Could you please output all of the data exactly, without the images?

--- START ---

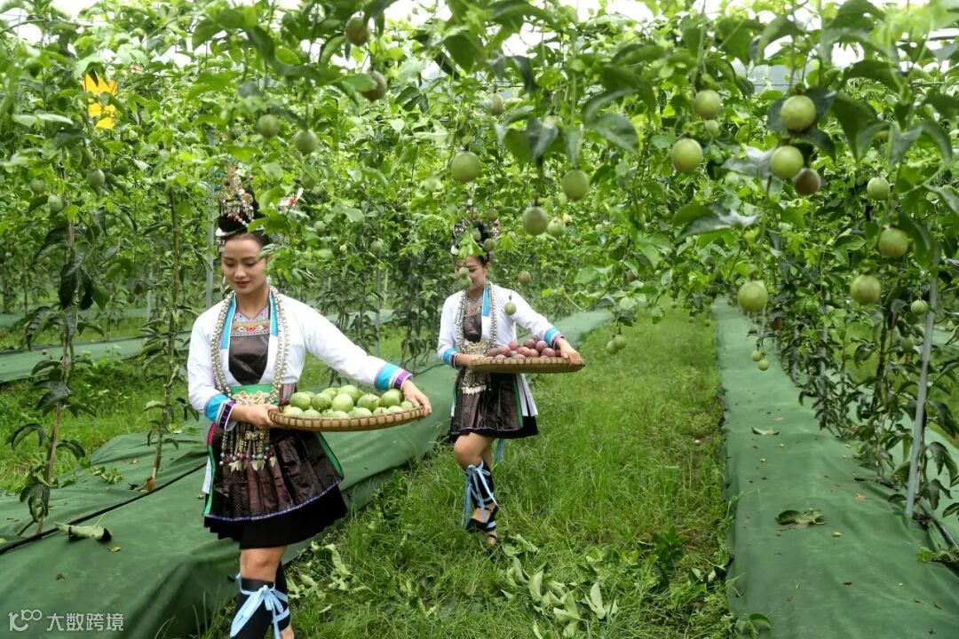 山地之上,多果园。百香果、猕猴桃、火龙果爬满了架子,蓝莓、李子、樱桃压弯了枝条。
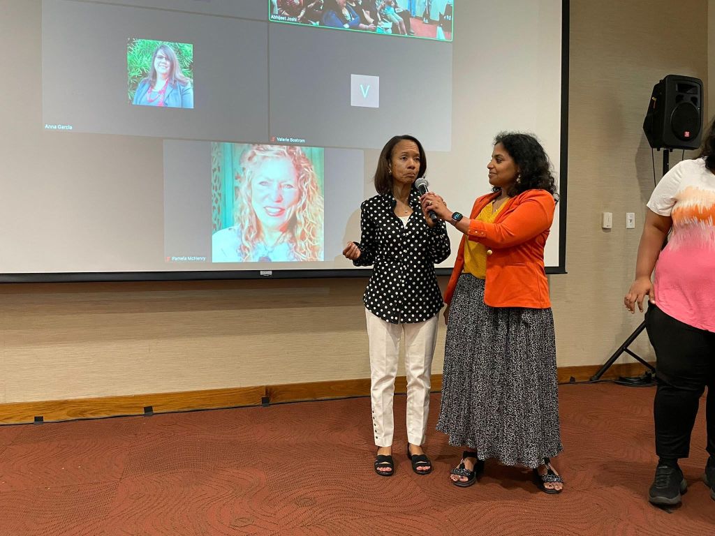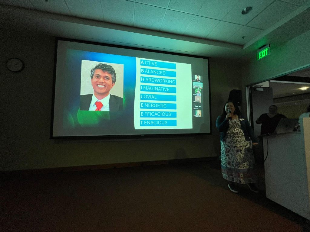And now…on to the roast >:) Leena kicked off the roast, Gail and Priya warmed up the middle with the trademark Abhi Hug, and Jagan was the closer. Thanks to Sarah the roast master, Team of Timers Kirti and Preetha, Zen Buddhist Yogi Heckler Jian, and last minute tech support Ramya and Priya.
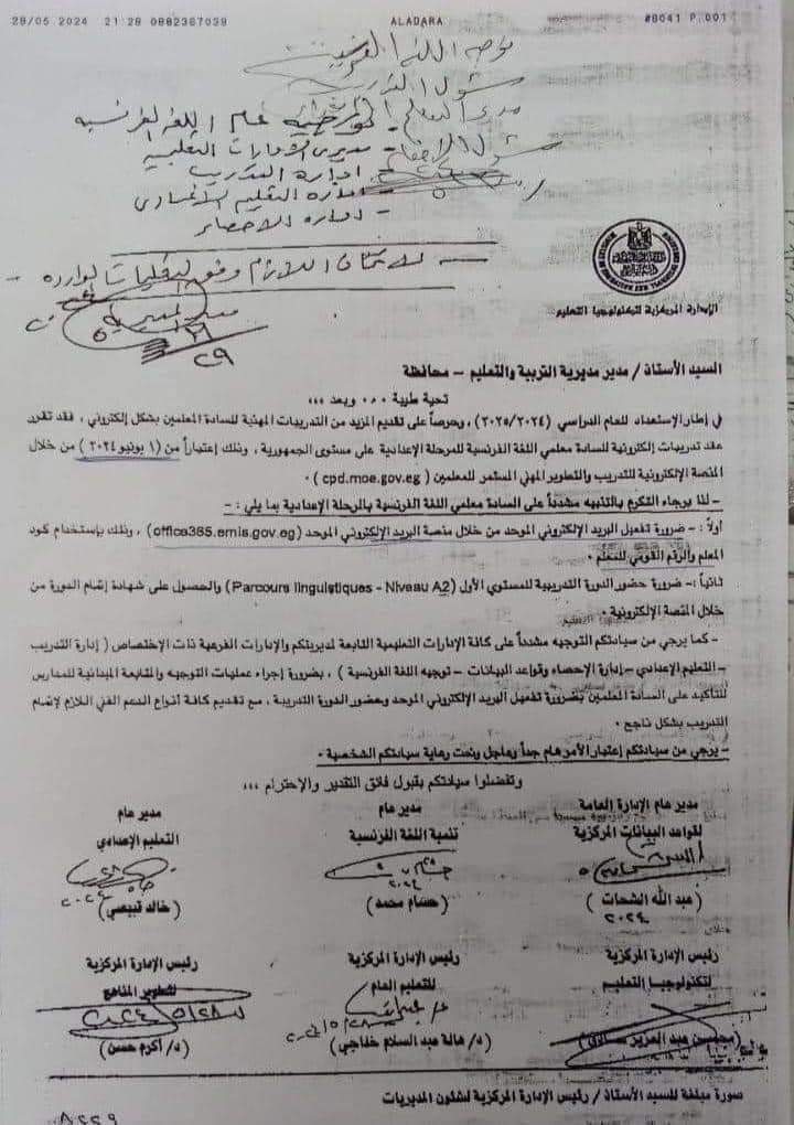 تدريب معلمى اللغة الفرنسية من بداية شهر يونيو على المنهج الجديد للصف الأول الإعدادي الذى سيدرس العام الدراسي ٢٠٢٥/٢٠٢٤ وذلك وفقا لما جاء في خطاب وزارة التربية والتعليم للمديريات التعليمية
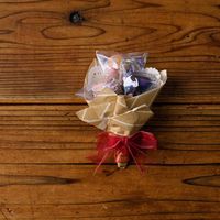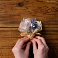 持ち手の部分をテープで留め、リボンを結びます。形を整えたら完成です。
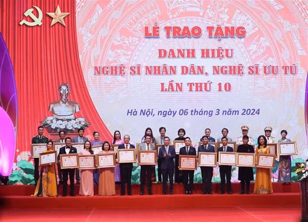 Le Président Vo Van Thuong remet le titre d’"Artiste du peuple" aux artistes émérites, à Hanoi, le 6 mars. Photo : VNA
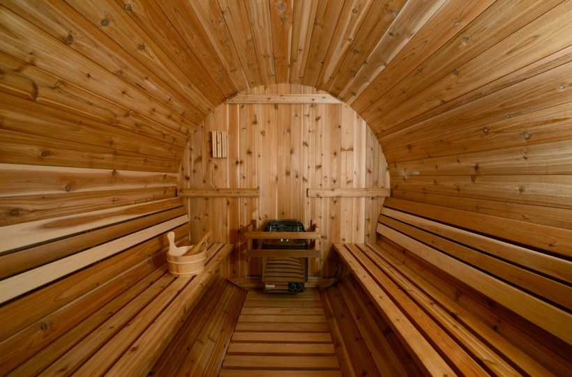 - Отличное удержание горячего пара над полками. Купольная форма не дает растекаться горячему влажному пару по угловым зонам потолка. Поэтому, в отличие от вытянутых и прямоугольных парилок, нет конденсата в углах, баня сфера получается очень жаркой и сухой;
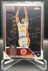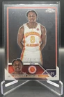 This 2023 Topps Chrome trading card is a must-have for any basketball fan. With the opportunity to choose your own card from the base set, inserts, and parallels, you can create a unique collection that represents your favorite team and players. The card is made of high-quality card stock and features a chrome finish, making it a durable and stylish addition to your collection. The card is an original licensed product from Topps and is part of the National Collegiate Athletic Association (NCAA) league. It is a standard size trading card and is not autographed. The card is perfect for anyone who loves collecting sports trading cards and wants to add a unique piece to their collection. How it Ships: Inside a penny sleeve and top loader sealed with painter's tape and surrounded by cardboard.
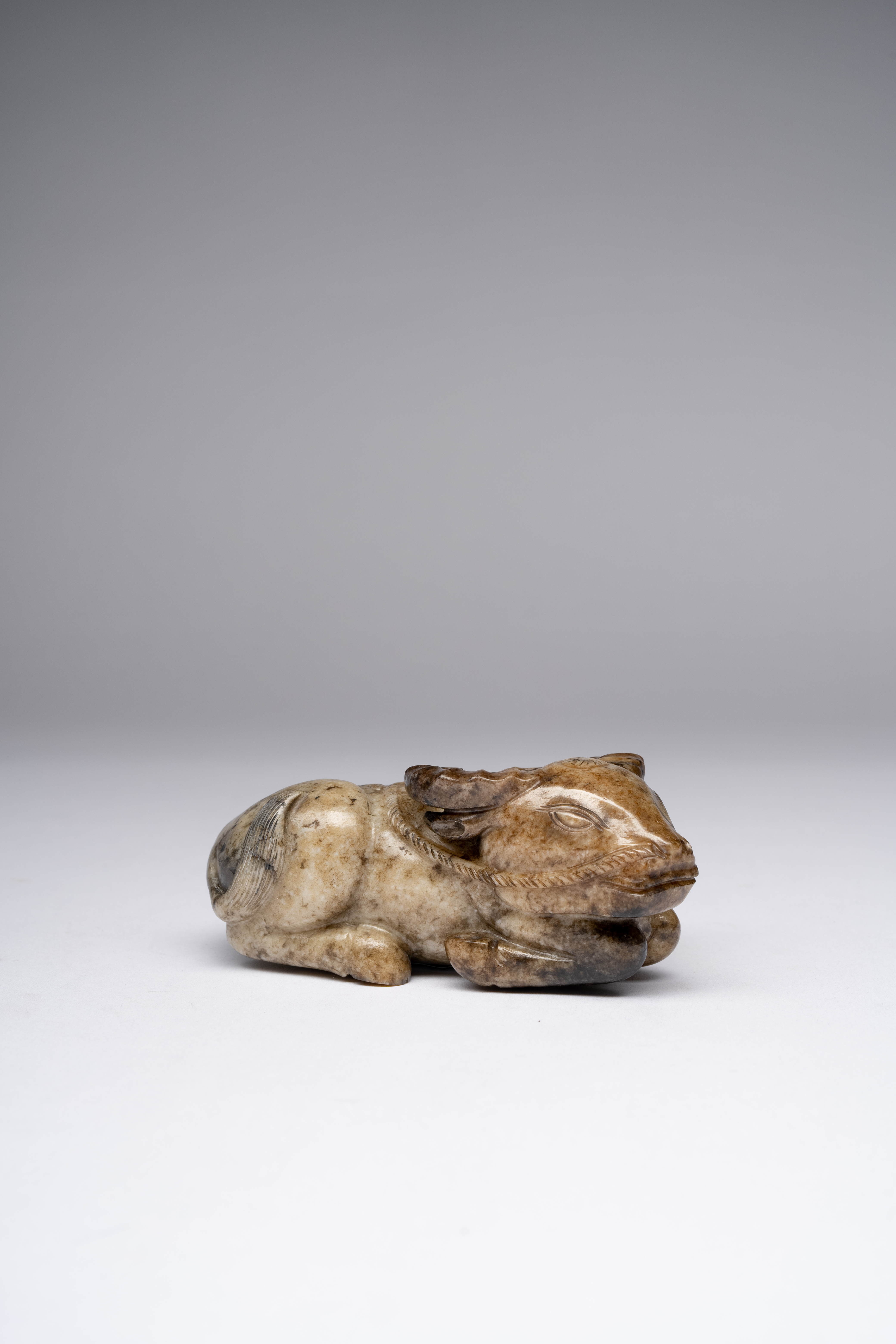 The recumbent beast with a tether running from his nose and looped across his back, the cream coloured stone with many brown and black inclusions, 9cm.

--- END ---

§ **EXPECTED OUTPUT**
 山地之上,多果园。百香果、猕猴桃、火龙果爬满了架子,蓝莓、李子、樱桃压弯了枝条。
And now…on to the roast >:) Leena kicked off the roast, Gail and Priya warmed up the middle with the trademark Abhi Hug, and Jagan was the closer. Thanks to Sarah the roast master, Team of Timers Kirti and Preetha, Zen Buddhist Yogi Heckler Jian, and last minute tech support Ramya and Priya.
 تدريب معلمى اللغة الفرنسية من بداية شهر يونيو على المنهج الجديد للصف الأول الإعدادي الذى سيدرس العام الدراسي ٢٠٢٥/٢٠٢٤ وذلك وفقا لما جاء في خطاب وزارة التربية والتعليم للمديريات التعليمية
 持ち手の部分をテープで留め、リボンを結びます。形を整えたら完成です。
 Le Président Vo Van Thuong remet le titre d’"Artiste du peuple" aux artistes émérites, à Hanoi, le 6 mars. Photo : VNA
 - Отличное удержание горячего пара над полками. Купольная форма не дает растекаться горячему влажному пару по угловым зонам потолка. Поэтому, в отличие от вытянутых и прямоугольных парилок, нет конденсата в углах, баня сфера получается очень жаркой и сухой;
 This 2023 Topps Chrome trading card is a must-have for any basketball fan. With the opportunity to choose your own card from the base set, inserts, and parallels, you can create a unique collection that represents your favorite team and players. The card is made of high-quality card stock and features a chrome finish, making it a durable and stylish addition to your collection. The card is an original licensed product from Topps and is part of the National Collegiate Athletic Association (NCAA) league. It is a standard size trading card and is not autographed. The card is perfect for anyone who loves collecting sports trading cards and wants to add a unique piece to their collection. How it Ships: Inside a penny sleeve and top loader sealed with painter's tape and surrounded by cardboard.
 The recumbent beast with a tether running from his nose and looped across his back, the cream coloured stone with many brown and black inclusions, 9cm.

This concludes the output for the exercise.